Goal of the exercise
Please reproduce all of the listing below exactly and drop its images.

Collected data

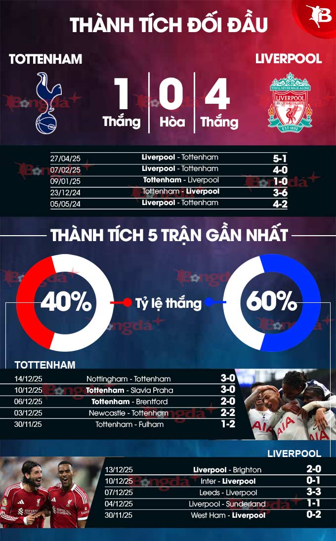 - Lưới rung 15 phút cuối: 3/4 trận gần đây của Tottenham xuất hiện bàn thắng trong khoảng 15 phút cuối. 6/7 trận đấu vừa qua của Liverpool xảy ra tình trạng tương tự.
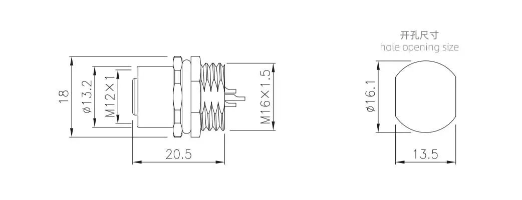 | M12女性フロントマウントソケット(電源タイプ、はんだ、ネジM16*1.5)フィオン | M12-S3L-GWBM16-NP | M12-S3L-GWB PG9 -NP | 3L | ||
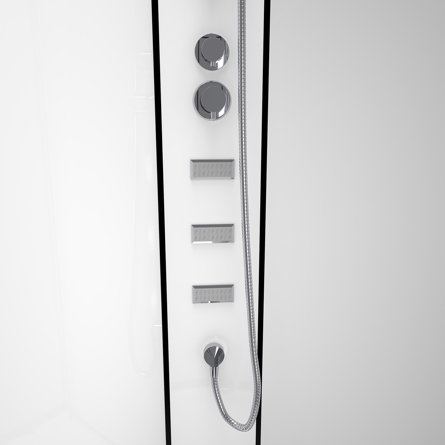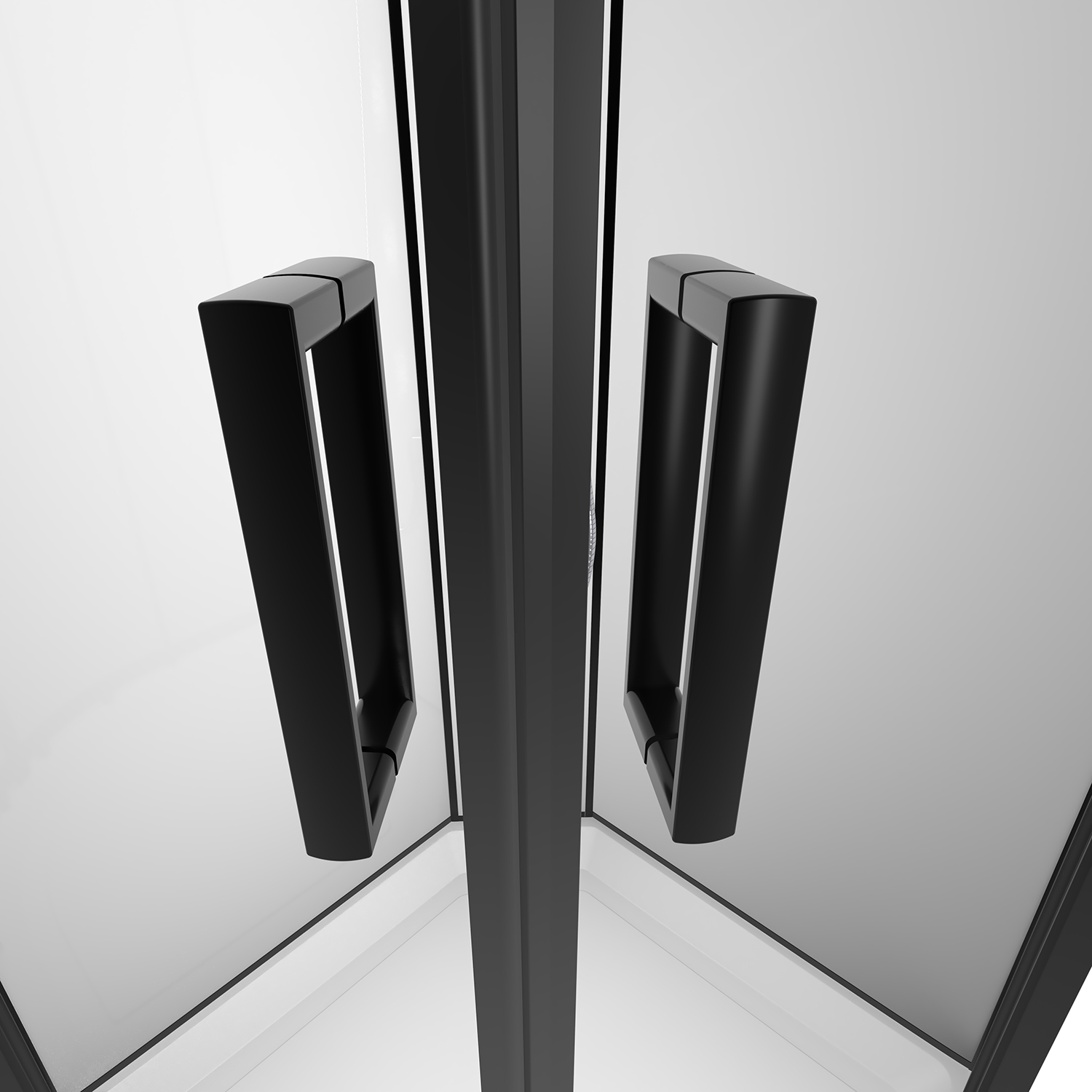 Душевая кабина Loranto Neo CS-21811-100 с низким поддоном, размер 1000х1000х2035 мм, профиль чёрный матовый, стекло прозрачное 5 мм. Задние стенки стеклянные белые. Ширина входа 540 мм.
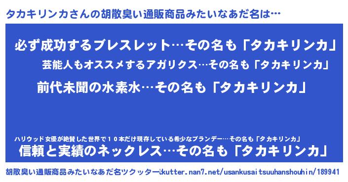 | 意味不明あだ名 | 『永久保存タカキリンカ』 |

The completed task
 - Lưới rung 15 phút cuối: 3/4 trận gần đây của Tottenham xuất hiện bàn thắng trong khoảng 15 phút cuối. 6/7 trận đấu vừa qua của Liverpool xảy ra tình trạng tương tự.
 | M12女性フロントマウントソケット(電源タイプ、はんだ、ネジM16*1.5)フィオン | M12-S3L-GWBM16-NP | M12-S3L-GWB PG9 -NP | 3L | ||
 Душевая кабина Loranto Neo CS-21811-100 с низким поддоном, размер 1000х1000х2035 мм, профиль чёрный матовый, стекло прозрачное 5 мм. Задние стенки стеклянные белые. Ширина входа 540 мм.
 | 意味不明あだ名 | 『永久保存タカキリンカ』 |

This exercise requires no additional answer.